Julgo as aparências, os nomes, a escolha de fotos (homens aprendam a tirar fotos por favor!). Esse hábito torna todo mundo um pouquinho horrível, eu sei. Estamos ali para julgar e ser julgados, eu aceitei os termos e condições. Esses dias descreveram como um cardápio humano e eu concordo, mas também é a forma mais rápida e fácil de encontrar pessoas principalmente quando você tem pouco tempo em um lugar — como é constantemente meu caso — então guardo as críticas sociais para outro momento, e por hoje agradeço que os homens de Curitiba tem um senso estético melhor do que os de Joinville.

Nunca gostei muito de usar esse negócio, sempre deixo as pessoas no vácuo, e nas poucas vezes que eu respondo já marco logo um date ou puxo papo pelo Instagram para eventualmente marcar o encontro, assim não perco o timing. Isso funciona bem quando eu viajo sozinha, inclusive esse é meu momento de brilhar e as consequências são diversas, foi assim que eu fui parar na chapada dos veadeiros em 2022 pagando uma passagem caríssima de avião em cima da hora, tudo em nome do amor e do fogo no rabo (hoje em dia ele está bloqueado).

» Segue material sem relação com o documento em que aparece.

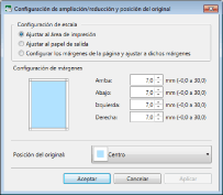 Si no desea configurar el ajuste de aumento/reducción, desmarque la casilla de verificación [Ampliar/reducir original al área de impresión].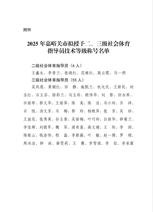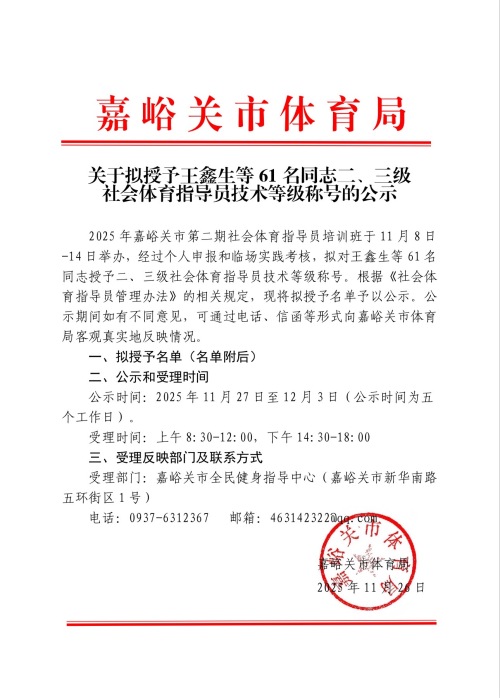 关于拟授予王鑫生等61名同志二、三级社会体育指导员技术等级称号的公示

Foi assim também que eu acabei conhecendo uma casa de shows alternativa em Madri onde tocava uma banda espanhola completamente aleatória, então não vou reclamar.

As estatísticas me dizem que o aplicativo tem funcionado bem nesses cinco anos de solteirice, mas a sua definição de bem pode ser diferente da minha, de qualquer forma eu sei que entro lá quando estou com tédio ou querendo procrastinar. E, principalmente quando chego no fim do ano ainda aberta a viver experiências novas, algo raro porque até ano passado eu me sentia completamente exausta em dezembro (então acho que estamos progredindo?).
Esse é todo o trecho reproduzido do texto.